1.28.2014

This Next Semester

This semester so far feels like a brick wall has just ran into me. No, not the other way around--it's I didn't run into it, it ran into me.

Apparently I was under the assumption that when I came back that most things would be the same. Well, that's not true. And it only took one day for me to figure that out. Some of the changes I was expecting--sure I'd get new classes, try start better habits, get a new roommate and have a different schedule, but boy oh boy. These past few days have really reformed the way I think. Not only have they forced me to grow up a bit more, but they again just show me how large the world is, how small I am and how BIG my God is still.

How much I am learning about just getting up and getting stuff done. How much I have to do! And the thing is, it’s just that simple. Honestly, there aren't many complexities—just getting up and doing things is all there is to do. It’s that step, that initiative that makes things happen and keeps certain things rolling.

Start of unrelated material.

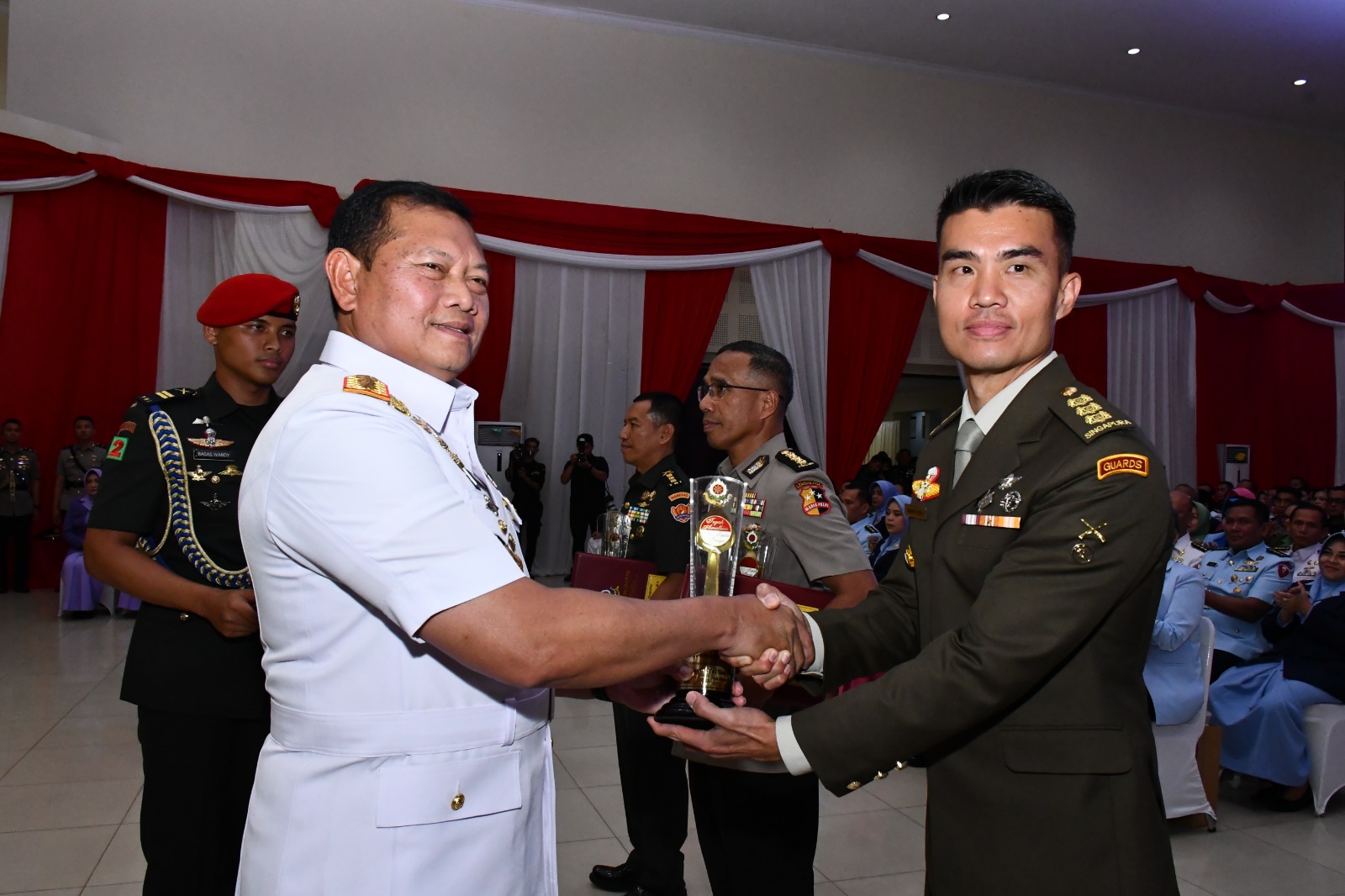 Turut hadir dalam upacara penutupan pendidikan diantaranya, Kapolri Jenderal Polisi Drs. Listyo Sigit Prabowo, M.Si., Kasal Laksamana TNI Muhammad Ali, Dansesko TNI Marsdya TNI Samsul Rizal, S.I.P., M.Tr.(Han), Ketum Dharma Pertiwi Ny.Vero Yudo Margono serta Pejabat Utama TNI Polri lainnya.

I've gotten kicked in the butt about this lately. I've been reminded that trust is not necessarily sitting back and waiting for things to happen, but taking action and knowing that God's in the middle of it all and the outcome is in His large loving hands. I'm reminded on the conversation in Where the Red Ferns Grow between the boy and his grandpa. His grandpa told him that sometimes, you have to meet God halfway--do your part, and He will do His. Now, I've also learned that  discerning this is a bit harder in certain situations, but you have to be able to let go of obsessively controlling the outcome and actions involved with it.  

During this time of tribulation and change, I know that God is walking with me, even if  my life feels like an impending plane crash.
 
 
"As the Father has loved me, so I have loved you too; abide in my love."